Wegen der Aktion in der wichtigsten christlichen Kirche in Russland am 21. Februar drohen Aljochina sowie Nadeschda Tolokonnikowa (22) und Jekaterina Samuzewitsch (29) sieben Jahre Haft. Die Anklage wirft ihnen Rowdytum aus religiösem Hass vor. Sie hätten mit ihrem «vulgären» Tanz im Altarraum die Gefühle der Gläubigen beleidigen wollen.

Die Verteidigung spricht hingegen von einem politischen Schauprozess, in dem die russisch-orthodoxe Kirche als Mittel zum Zweck genutzt werde. Ein Sicherheitsmann der Kathedrale sagte als einer von neun Nebenklägern aus, er habe wegen psychischen Stresses zwei Monate nicht arbeiten können. Er hege jedoch keinen Groll gegen die Frauen und sei bereit zu vergeben. Als «satanischen Veitstanz» kritisierten Kirchenmitarbeiter den Auftritt, der heilige Traditionen verletzt habe. Ein Messdiener wies die Entschuldigung der Angeklagten als «oberflächlich» und «blasphemisch» zurück. Die Anklage stützt sich vor allem auf die Nebenkläger, um zu beweisen, dass Pussy Riot vorsätzlich und nachhaltig die Gefühle der Gläubigen beleidigt hat.

Bei einer Vernehmung ordnete die Ermittlungsbehörde an, dass Nawalny seinen Wohnort nicht ohne polizeiliche Genehmigung verlassen dürfe.
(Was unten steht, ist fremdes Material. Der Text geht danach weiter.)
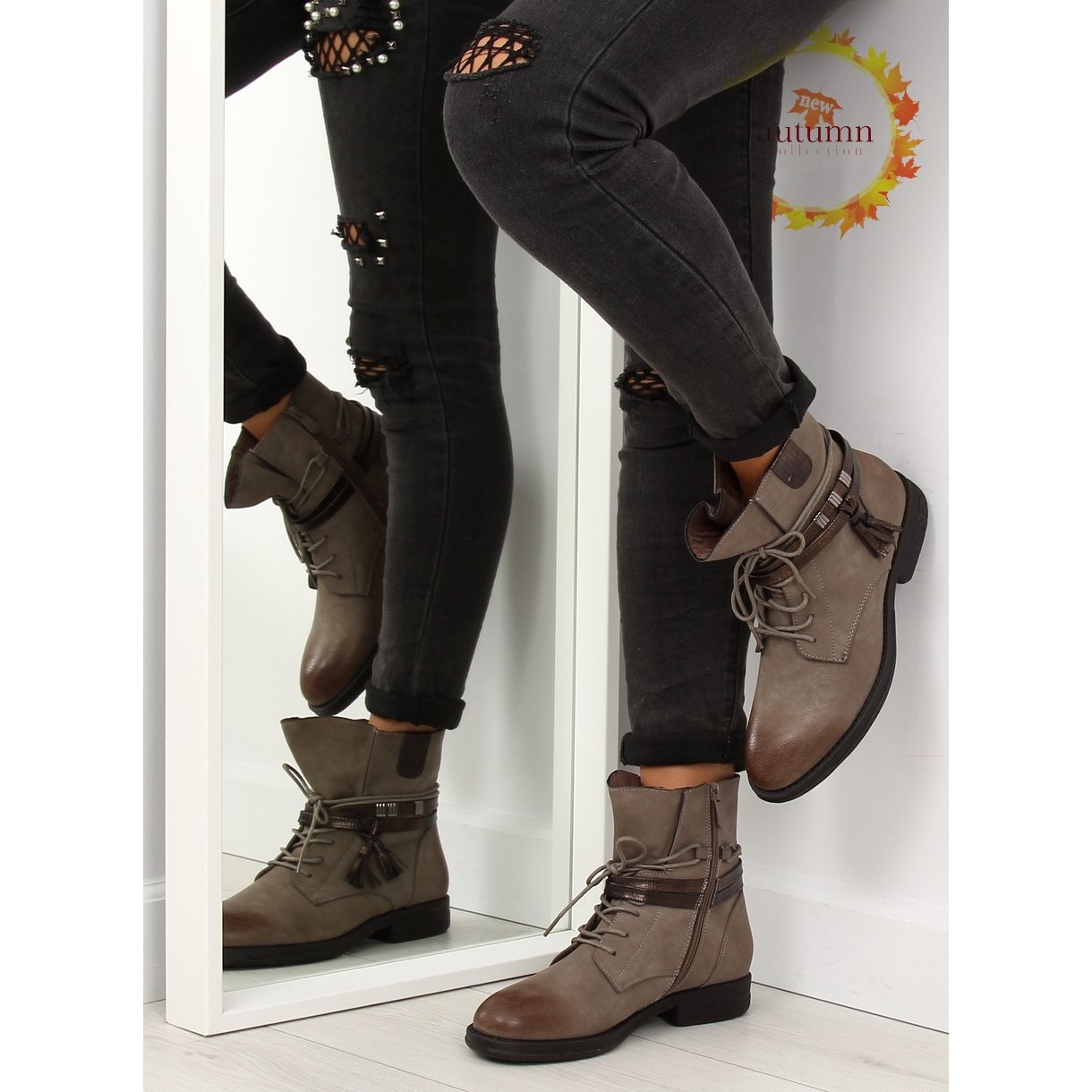 Detaljer: Beige och bruna kängor för kvinnor BH52-KB khaki
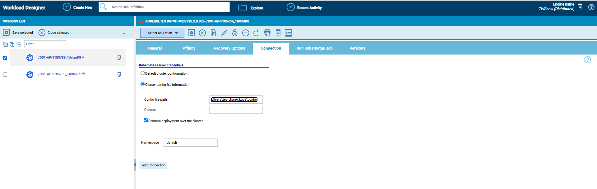 The Kubernetes plugin in Workload Automation can now be used to submit a K8 job to the cluster and see its progress without having to move to the cluster environment or be familiar with all the Kubernetes commands once the connection to the cluster has been established.
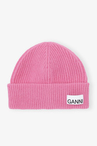 This Pink Fitted Wool Rib Knit Beanie is made from recycled wool, wool and recycled polyamide and features a GANNI logo. DETAILS - 45% wool, 35% recycled wool, 20% recycled polyamide. Learn more about our materials - GANNI logo Made in: Moldova Product ID: A5550 SIZE & FIT - Designed in a fitted/regular fit - Lightweight, soft structured rib knit - One size - Height: 19,5 cm / 7.68 inches
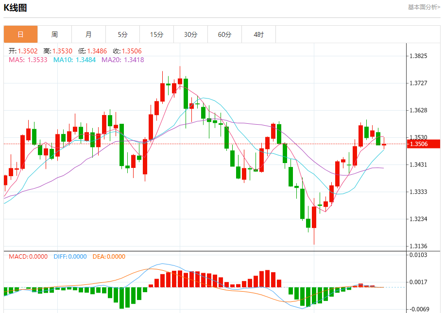 周二盘中,英镑/美元报1.3507,涨幅0.04%。

Der Anwalt nannte die Anklage gegen sich «absurd». Die Opposition wirft der Justiz vor, Andersdenkende politisch kaltstellen zu wollen. Die Grande Dame der russischen Bürgerrechtsbewegung, die 85 Jahre alte Ljudmila Alexejewa, nannte das Vorgehen einen «Angriff auf die gesamte Opposition».

Der Grünen-Europaparlamentarier Werner Schulz kritisierte die Anklage gegen Nawalny scharf. «Verfahren gegen zahlreiche Demonstranten und die Punkband Pussy Riot oder die Eilgesetzgebung gegen die Zivilgesellschaft sollen die Opposition mundtot machen», teilte Schulz mit.

In den Metropolen Moskau und St. Petersburg nahm die Polizei mindestens 35 Kremlkritiker fest, die bei nicht genehmigten Kundgebungen gegen Putin demonstrieren wollten. Darunter war auch der Autor und Gründer der Nationalbolschewistischen Partei Eduard Limonow, wie Interfax meldete.